The Motley Fool Discussion Boards
Investing/Strategies / Retirement Investing
|Subject: Re: Buy years or buy stocks||Date: 9/14/2013 8:45 AM|
|Author: Rayvt||Number: 72818 of 76866|
The financial stability of a pension plan is always a concern and as I questioned earlier, the OP and other Colorado pension recipients should be well aware of its viability and what legislators can and can't do to it. One protection is that the state can't declare bankruptcy to get out of paying benefits. ...
However, pension benefits are protected in the constitution (I believe only 9 states do this).
Let me highlight the crucial part of what I said earlier: All the laws & state constitutional requirements mean nothing if/when the state has no money.
I recall reading a couple of years ago that California paid income tax refunds with VOUCHERS rather than cash.
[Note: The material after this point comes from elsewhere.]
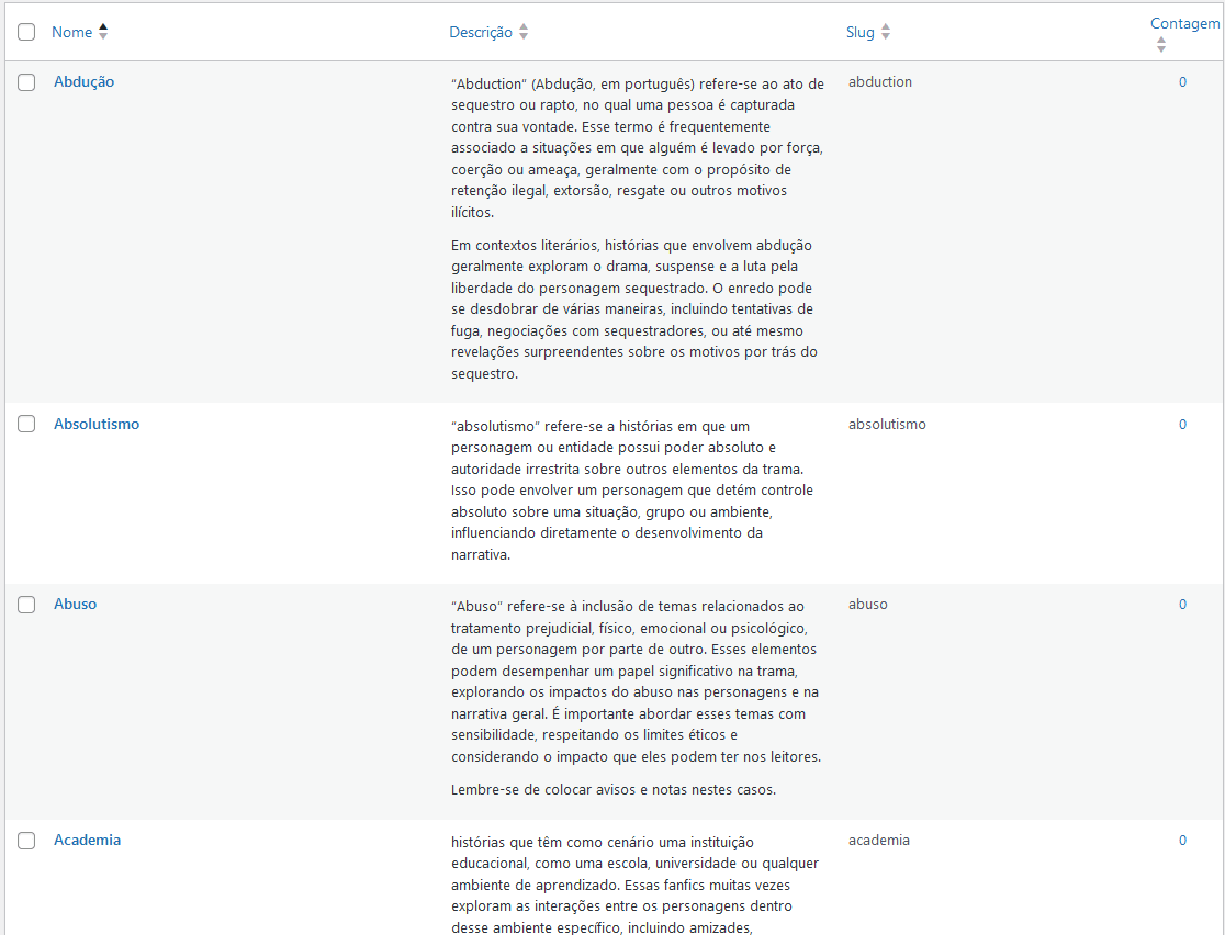 No menu interno destinado aos escritores, ao realizar o login e acessar a seção “Stories > Tags”, disponibilizamos uma lista abrangente com 360 tags pré-definidas. Além de servirem como categorias, essas tags fornecem descrições detalhadas, podendo até mesmo inspirar novas ideias para histórias.

They didn't declare bankrupcy but they didn't have the money, so they gave out Monopoly money.
FWIW, looking at it from the viewpoint of a citizen & taxpayer, I'd call "pension benefits are protected in the constitution" a scam perpetrated upon the citizens by the people who ran the government. I read it as, "I've got mine Jack, and you peasants just have to suck it up and pay me." And it can be nullified if/when the citizens get sufficiently motivated.
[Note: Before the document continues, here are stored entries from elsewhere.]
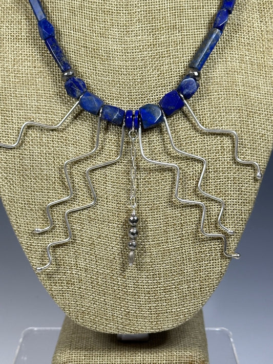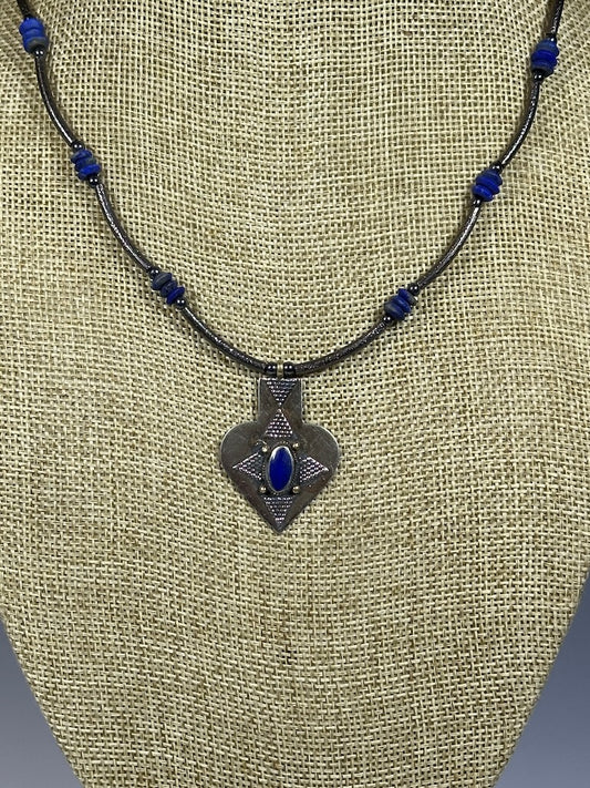 LAPIS AND HIGH HILL TRIBE STERLING SILVER STATEMENT NECKLACE LCN980
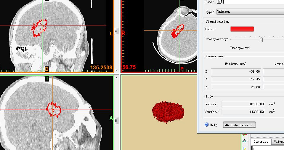 应用3D重建,CT域值设定在55-100,重建血肿量为16.7ml。
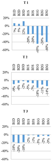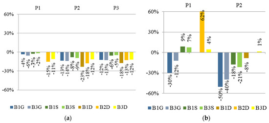The percent change in vertical displacement is presented in Figure 10a and for horizontal displacement in Figure 10b. Positive values described increase in displacement, while negative values indicate a reduction in displacement.
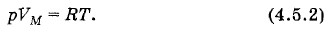 Формула (4.5.1) устанавливает связь макроскопических параметров — давления р и объема VM — со средней кинетической энергией поступательного движения молекул. Вместе с тем полученное опытным путем уравнение состояния идеального газа для 1 моль имеет вид
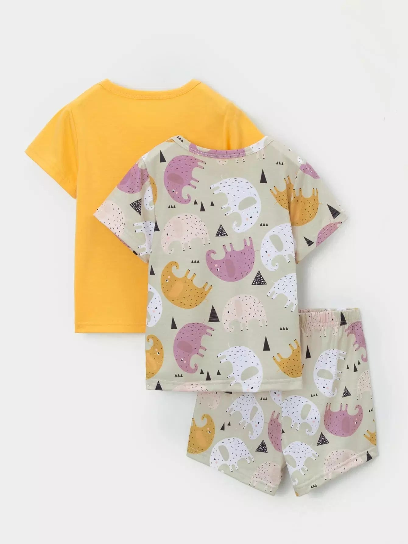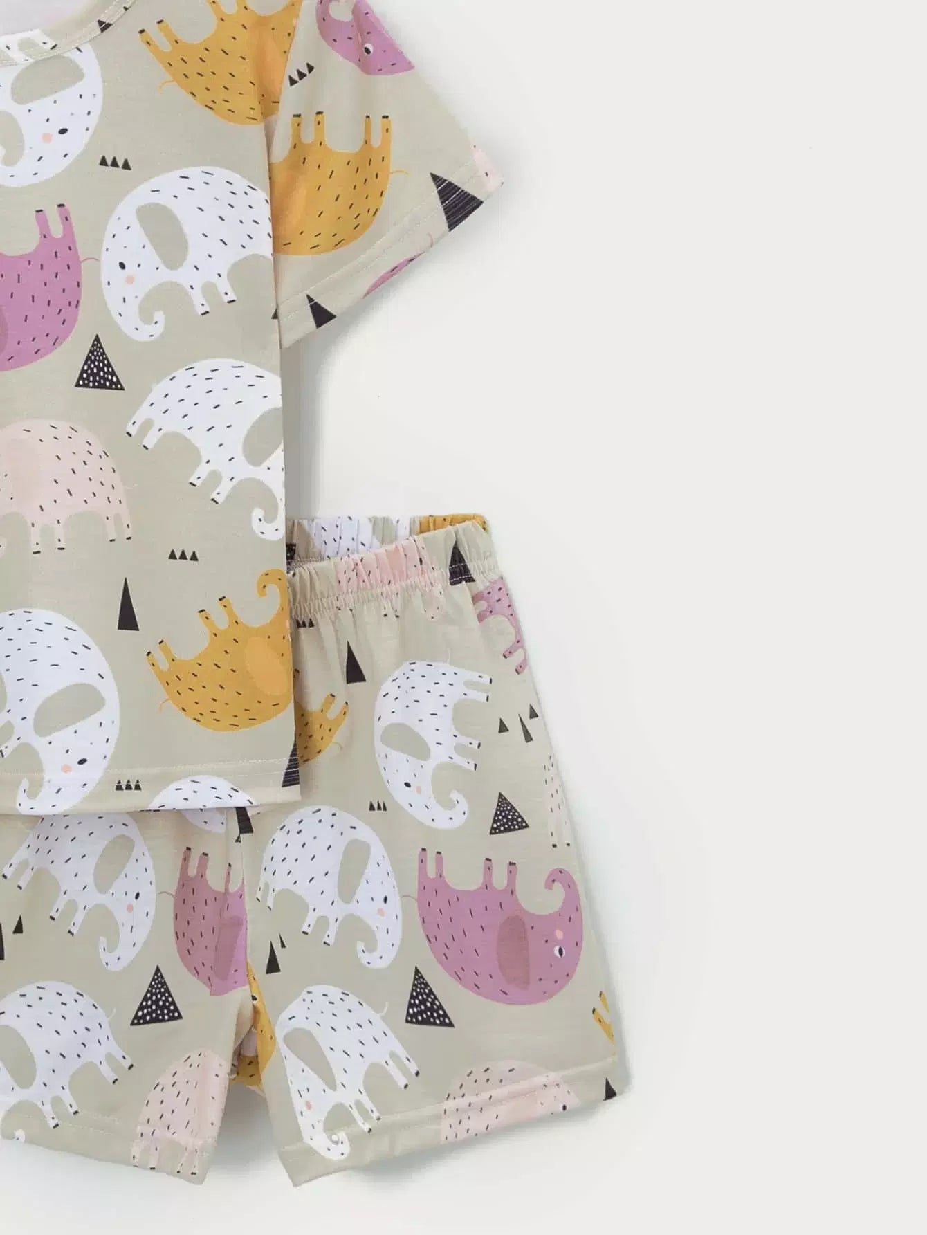 طقم بيجامات بنات صغيرات 3 قطع عشوائي بطبعة فيل

But aside from all that political stuff, it's vital to look at the issue from the risk & asset/income allocation viewpoint. Money in your own account titled in your own name is YOURS. Money that the government has promised that they'll give to you is NOT yours.
Buying years is not the same as buying an asset (stocks). You are giving them money in exchange for them promising that they'll give you a larger monthly check in the future after you retire.